Nuit blanche (no 99, juillet 2005) avait déjà encensé la biographie sur Claude Léveillée couvrant ses débuts jusqu’à l’année parisienne passée aux côtés d’Édith Piaf. Ce deuxième tome débute avec le retour à Montréal du compositeur qui signe, en 1962, sa chanson « Frédéric », en hommage à son frère prénommé Jean ! Pour les besoins de la musicalité, il faudra transformer la réalité : « Désolé mon frère, ton prénom n’est pas musical ; atrophié de deux pieds, ça ne marche pas, c’est l’évidence même ». Toute une génération de « Frédéric » nés au Québec après 1962 ignore peut-être que Léveillée pensait à son frère aîné mais aussi à Chopin en écrivant sa chanson emblématique.

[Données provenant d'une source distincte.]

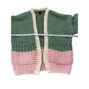 Saachi Anthropologie Bella Cardigan Chunky Sweater Green Pink Pockets One-Size
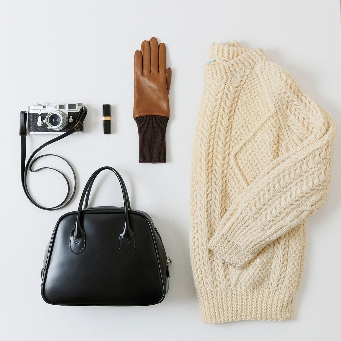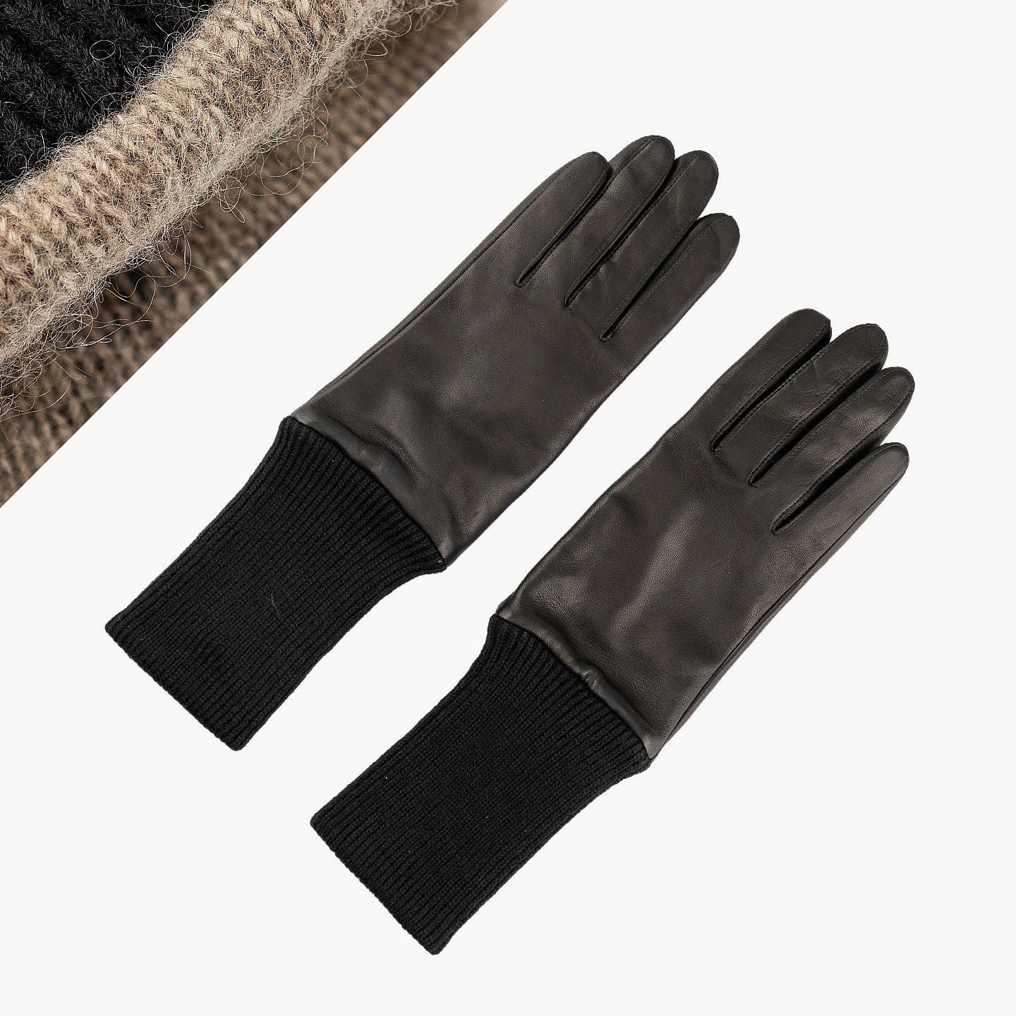 イタリア・ポルトラーノ社の「イタリアンラムレザー」に、手首まで隠れて温かい長めのニットカフスを付けた、カジュアルでリッチなイタリアンシープ手袋 “Cuffs-Touch Panel”【WOMEN】。カフスは折り返して短くしても使え、手のひらサイドの親指・人差し指には導電革が施され、装着したままスマートフォンなどのタッチパネル操作をすることも。Black・Luggage・Hematiteの3色から2サイズと併せてセレクトオーダーでき、肌触りがよく温かなカシミア100%のニットを裏地に採用。“ピケ縫い”という指先を長くキレイに見せる、こだわりの縫製を用いて日本で丁寧に一双一双を仕立て、細身でスッキリとした女性らしいルックスへと導いてくれる。
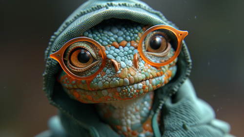 green Wyvern Dragon wearing a green hoodie with the hood down, wearing orange glasses with orange lenses, smiling broadly, quarter profile, light background, --ar 16:9 --s 750 --v 6.0

Les années 1960 restent les plus fertiles en collaborations multiples : spectacles à la Place des Arts, tournées en URSS (1968 et 1973), en Scandinavie, en Asie centrale, en Algérie. Le témoignage de Gilles Vigneault sur leur collaboration est précieux : on apprend que Léveillée avait mis en musique un texte inédit d’Édith Piaf dont il n’était pas satisfait ; après quelques essais, Vigneault écrivit un autre texte sur la même mélodie pour donner « L’hiver » (1963), l’une des plus belles chansons du répertoire de Monique Leyrac. Les chapitres qui suivent abordent autant la création, les partenariats, les amitiés que la vie sentimentale. Puis viendront des années plus difficiles : le combat contre les dépendances comme l’alcool, les médicaments, la cigarette. Comble de malheur, son fils Pascal se suicide en 1980. Une nouvelle ère reviendra, avec sa participation à la télésérie Scoop. Sa magnifique chanson « L’Étoile d’Amérique » deviendra le thème de Star Académie. Mais auparavant, un jour de 2004, le pianiste s’est effondré sur scène, victime d’un AVC qui le laisse sans voix.
L’énorme travail de recherche de Marie-Josée Michaud permet d’apprécier de nombreux documents inédits : correspondance de Léveillée avec ses parents durant son séjour à Paris, lettres d’André Gagnon et de Jacques Languirand adressées à Léveillée. En annexes, on trouve une discographie illustrée, des paroles de chansons, des témoignages et même un index. Les caprices de l’artiste sont également révélés ; ainsi rechigne-t-il à verser un cachet à son gérant Pierre Jobin, et reproche à des bénévoles de ne pas bien préparer son spectacle. Après être sorti de l’ombre en 1985 pour l’émission Sacrée soirée (25 millions de téléspectateurs sur TF1), Léveillée refusera toutes les offres des producteurs européens qui se mettent à ses pieds, après avoir redécouvert l’ampleur de son talent.